There was nothing. No message, no fake ringtone. Only static. It was weird, and it made me want to try my phone too, or at least offer to loan mine to Billy, because Hinsoft thumbphones worked everywhere—even in space. But I pretended not to pay attention to what Billy was doing, even though I obviously was doing exactly that.
Billy closed out the screen and said, “Fuck this, stupid no-signal in space.”
Behind us, one of the attendants in second class screamed and cried about being unfairly persecuted by a bigoted passenger.
Being on a transpod was almost like being stuck inside Gulliver’s Travels, I thought. I imagined that if I’d spent a few days in second class, I’d come out acting like the raging flight attendant behind us. As it was, I could only hope that being in the front affected all of our moods in a more positive way.
Lourdes unhooked from her seat and gleefully announced that she would begin in-flight service and entertainment. She activated the transparent screenfield at the front of the cabin and said, “I am thrilled to present our in-flight entertainment selection for first-class passengers on R&R Grosvenor Galactic! Our feature will begin after a brief advertisement! I love this so much!”

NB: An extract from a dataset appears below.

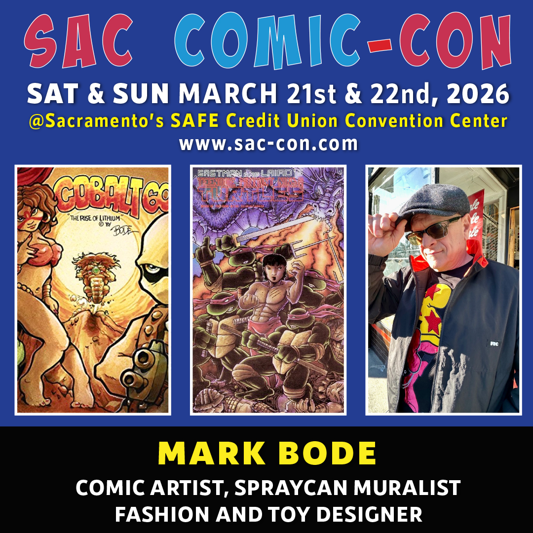 Mark Bode- Mark is a comic artist, spraycan muralist, fashion and toy designer. His comic credits include Cobalt 60, Lizard of Oz, Miami Mice, Teenage Mutant Ninja Turtles, Cheech Wizard’s Book of Me, Heavy Metal Magazine, and his “Gyro Comics” trilogy. He recently finished a 86 page graphic novel “The Rise of Lithium” the final chapter in his Cobalt 60 saga. Most recently he has made extensive trips to Japan where he is doing art shows toy and clothing lines with companies in Tokyo. Instagram markbodeofficial
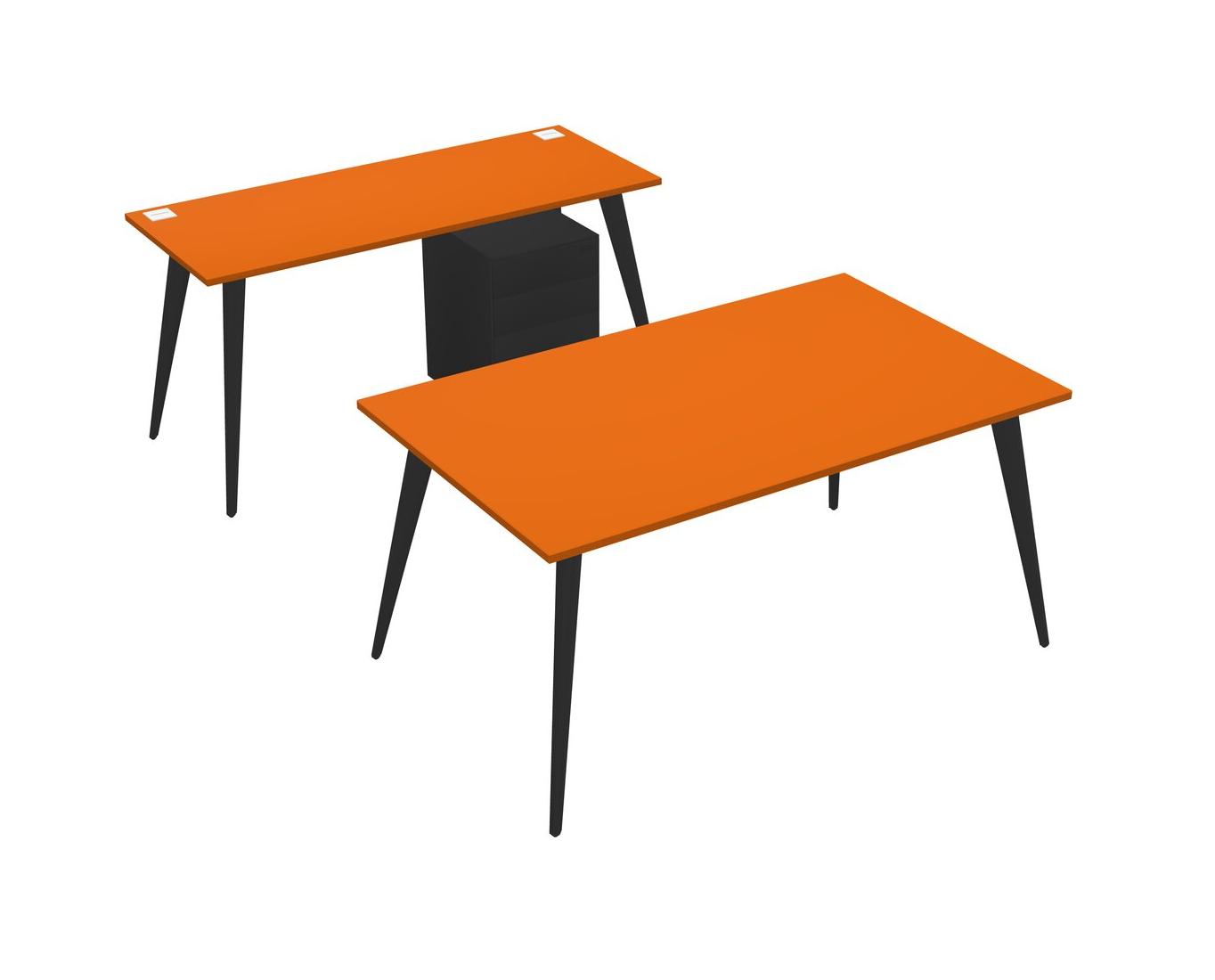 Orange Parallel Office Desk Plus Metal Mobile Drawers

Lourdes’s face scrunched and she farted. Then she danced. With no music, and for no reason at all that any of us could figure out.
V.4 cogs can fart. There is no Woz in space. Another war was bound to begin on Earth—it was only a matter of time—while the first one between Billy Hinman and Cager Messer was just getting started somewhere between home and the moon.
I did not want to speak to Billy Hinman.
I knew our trip would be tough. There was no turning back, even if I tried using the no-credit-limit impact of my name. And although there was something especially painful in knowing that my best friend was trying to do something nice and positive for me, it was something I didn’t want anything to do with. So I found myself pendulum-swinging between regret for being angry at Billy and trying to rationalize the truth that if he’d have let me alone, I would not have lived much longer. I suppose that was selfish of me. And it seemed that every beating I’d ever received at the hands of my mother or father always included some type of it’s-for-your-own-good justification, which I knew was bullshit. Just like I knew that what Billy Hinman was doing to me was bullshit too.